__What the task asks__. Set down the data below in full, exactly as it reads, but without the pictures.

◇ ◇ ◇ ◇ ◇

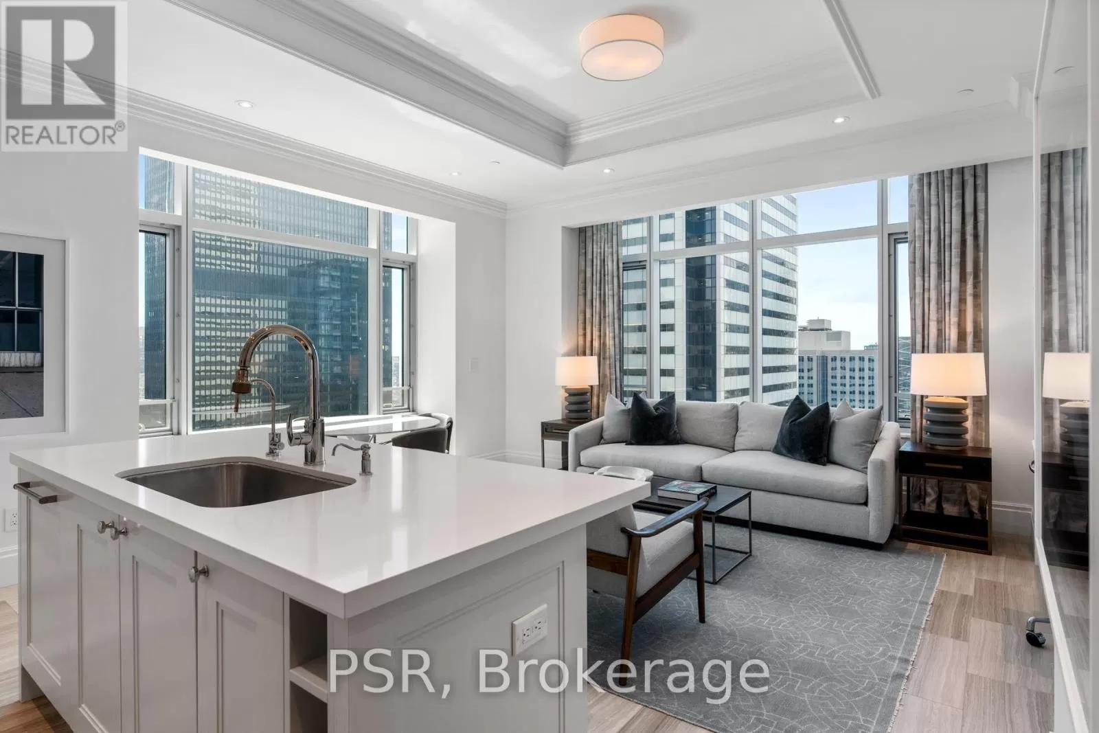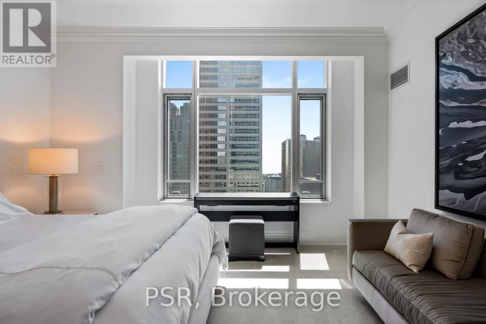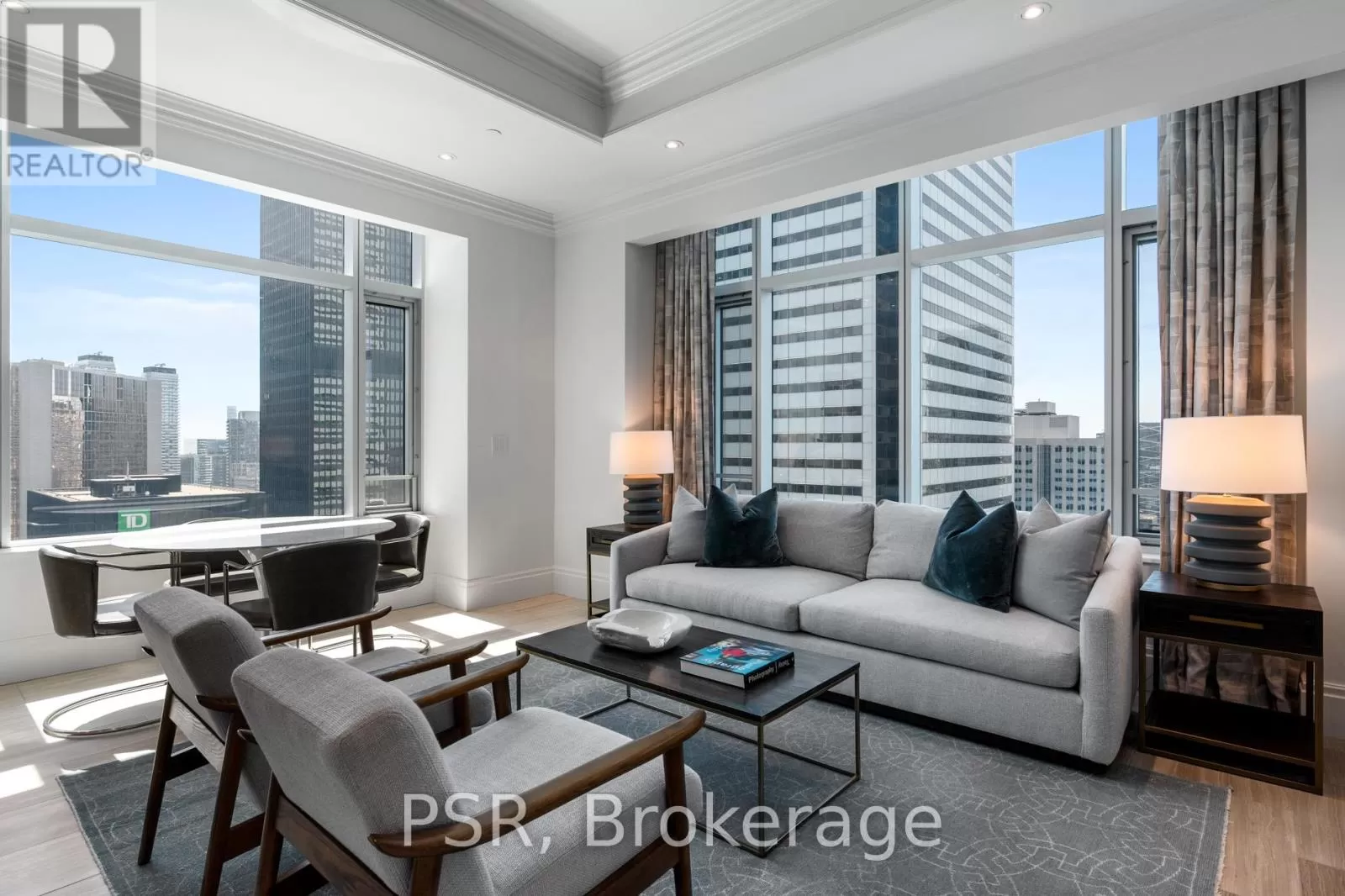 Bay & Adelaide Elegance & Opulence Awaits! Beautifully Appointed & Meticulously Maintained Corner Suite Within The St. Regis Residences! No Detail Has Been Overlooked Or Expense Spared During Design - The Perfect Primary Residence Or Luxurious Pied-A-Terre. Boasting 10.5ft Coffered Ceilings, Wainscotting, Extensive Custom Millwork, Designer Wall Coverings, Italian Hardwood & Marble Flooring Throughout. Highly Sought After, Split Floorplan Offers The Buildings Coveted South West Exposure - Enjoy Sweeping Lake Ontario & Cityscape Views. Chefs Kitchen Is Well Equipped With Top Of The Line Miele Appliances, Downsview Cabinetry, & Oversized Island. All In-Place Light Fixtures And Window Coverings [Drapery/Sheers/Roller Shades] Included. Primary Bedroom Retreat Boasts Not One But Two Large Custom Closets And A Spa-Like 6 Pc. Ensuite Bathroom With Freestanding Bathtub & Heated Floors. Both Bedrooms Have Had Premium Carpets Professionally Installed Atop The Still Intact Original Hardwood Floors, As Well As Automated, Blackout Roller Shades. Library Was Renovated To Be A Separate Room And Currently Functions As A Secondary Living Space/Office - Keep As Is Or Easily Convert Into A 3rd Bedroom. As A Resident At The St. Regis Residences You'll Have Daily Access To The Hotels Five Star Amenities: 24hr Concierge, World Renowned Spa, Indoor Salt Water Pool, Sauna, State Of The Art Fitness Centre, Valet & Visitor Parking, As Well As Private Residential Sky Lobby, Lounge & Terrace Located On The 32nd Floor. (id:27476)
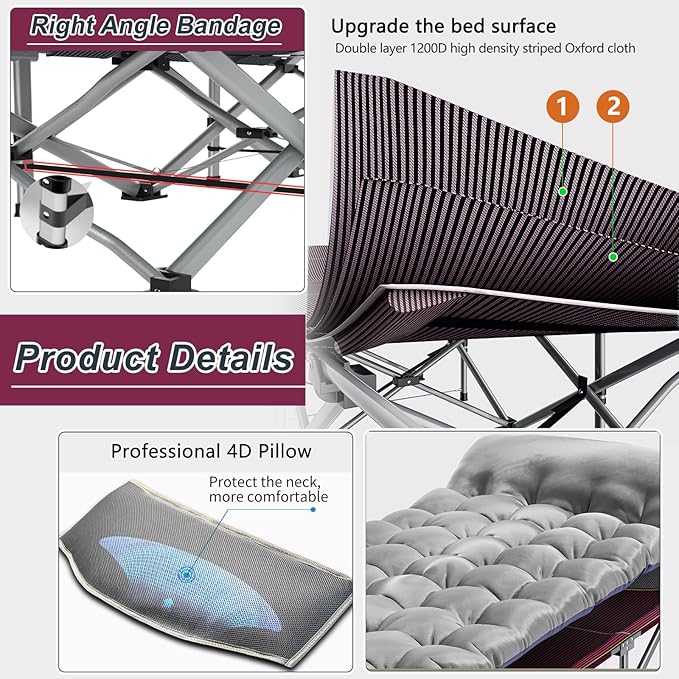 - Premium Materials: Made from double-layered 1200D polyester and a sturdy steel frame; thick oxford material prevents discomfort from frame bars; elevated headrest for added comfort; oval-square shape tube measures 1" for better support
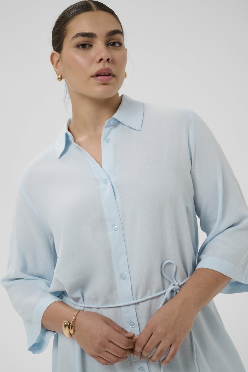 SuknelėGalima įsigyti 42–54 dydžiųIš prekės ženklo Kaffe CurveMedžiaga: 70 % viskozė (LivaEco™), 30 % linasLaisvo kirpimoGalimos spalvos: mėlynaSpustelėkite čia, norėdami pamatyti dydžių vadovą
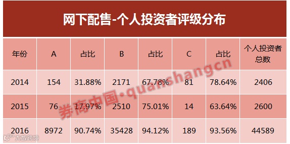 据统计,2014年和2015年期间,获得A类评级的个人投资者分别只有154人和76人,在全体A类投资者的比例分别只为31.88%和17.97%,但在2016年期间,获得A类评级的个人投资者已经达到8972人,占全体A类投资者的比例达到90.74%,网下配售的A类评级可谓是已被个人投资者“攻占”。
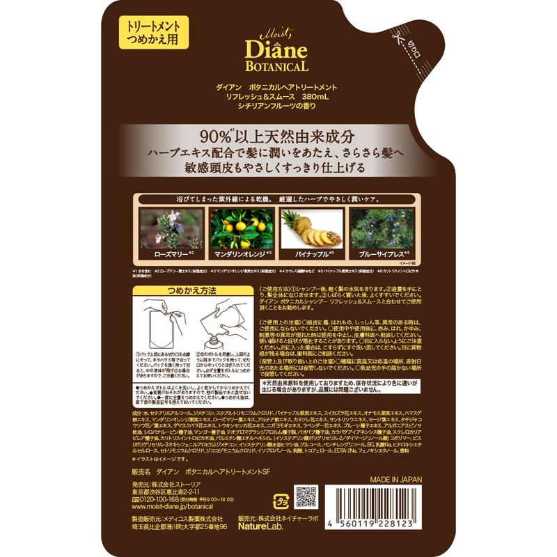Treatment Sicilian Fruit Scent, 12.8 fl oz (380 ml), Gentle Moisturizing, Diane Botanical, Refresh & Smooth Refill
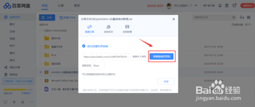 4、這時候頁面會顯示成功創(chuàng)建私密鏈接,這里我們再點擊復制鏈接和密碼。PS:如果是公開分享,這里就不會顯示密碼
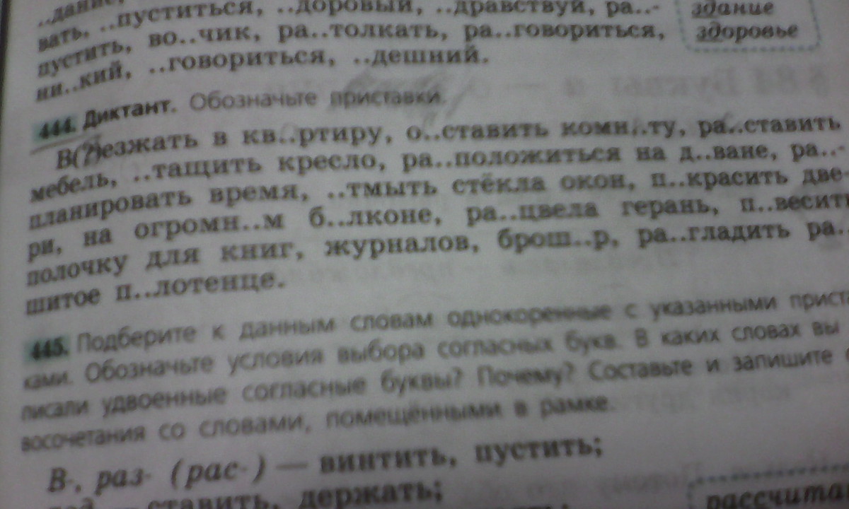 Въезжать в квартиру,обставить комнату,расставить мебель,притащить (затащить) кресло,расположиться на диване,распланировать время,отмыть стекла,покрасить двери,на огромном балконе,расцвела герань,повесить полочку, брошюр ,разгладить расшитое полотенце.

◇ ◇ ◇ ◇ ◇

__Finished exercise__.
 Bay & Adelaide Elegance & Opulence Awaits! Beautifully Appointed & Meticulously Maintained Corner Suite Within The St. Regis Residences! No Detail Has Been Overlooked Or Expense Spared During Design - The Perfect Primary Residence Or Luxurious Pied-A-Terre. Boasting 10.5ft Coffered Ceilings, Wainscotting, Extensive Custom Millwork, Designer Wall Coverings, Italian Hardwood & Marble Flooring Throughout. Highly Sought After, Split Floorplan Offers The Buildings Coveted South West Exposure - Enjoy Sweeping Lake Ontario & Cityscape Views. Chefs Kitchen Is Well Equipped With Top Of The Line Miele Appliances, Downsview Cabinetry, & Oversized Island. All In-Place Light Fixtures And Window Coverings [Drapery/Sheers/Roller Shades] Included. Primary Bedroom Retreat Boasts Not One But Two Large Custom Closets And A Spa-Like 6 Pc. Ensuite Bathroom With Freestanding Bathtub & Heated Floors. Both Bedrooms Have Had Premium Carpets Professionally Installed Atop The Still Intact Original Hardwood Floors, As Well As Automated, Blackout Roller Shades. Library Was Renovated To Be A Separate Room And Currently Functions As A Secondary Living Space/Office - Keep As Is Or Easily Convert Into A 3rd Bedroom. As A Resident At The St. Regis Residences You'll Have Daily Access To The Hotels Five Star Amenities: 24hr Concierge, World Renowned Spa, Indoor Salt Water Pool, Sauna, State Of The Art Fitness Centre, Valet & Visitor Parking, As Well As Private Residential Sky Lobby, Lounge & Terrace Located On The 32nd Floor. (id:27476)
 - Premium Materials: Made from double-layered 1200D polyester and a sturdy steel frame; thick oxford material prevents discomfort from frame bars; elevated headrest for added comfort; oval-square shape tube measures 1" for better support
 SuknelėGalima įsigyti 42–54 dydžiųIš prekės ženklo Kaffe CurveMedžiaga: 70 % viskozė (LivaEco™), 30 % linasLaisvo kirpimoGalimos spalvos: mėlynaSpustelėkite čia, norėdami pamatyti dydžių vadovą
 据统计,2014年和2015年期间,获得A类评级的个人投资者分别只有154人和76人,在全体A类投资者的比例分别只为31.88%和17.97%,但在2016年期间,获得A类评级的个人投资者已经达到8972人,占全体A类投资者的比例达到90.74%,网下配售的A类评级可谓是已被个人投资者“攻占”。
Treatment Sicilian Fruit Scent, 12.8 fl oz (380 ml), Gentle Moisturizing, Diane Botanical, Refresh & Smooth Refill
 4、這時候頁面會顯示成功創(chuàng)建私密鏈接,這里我們再點擊復制鏈接和密碼。PS:如果是公開分享,這里就不會顯示密碼
 Въезжать в квартиру,обставить комнату,расставить мебель,притащить (затащить) кресло,расположиться на диване,распланировать время,отмыть стекла,покрасить двери,на огромном балконе,расцвела герань,повесить полочку, брошюр ,разгладить расшитое полотенце.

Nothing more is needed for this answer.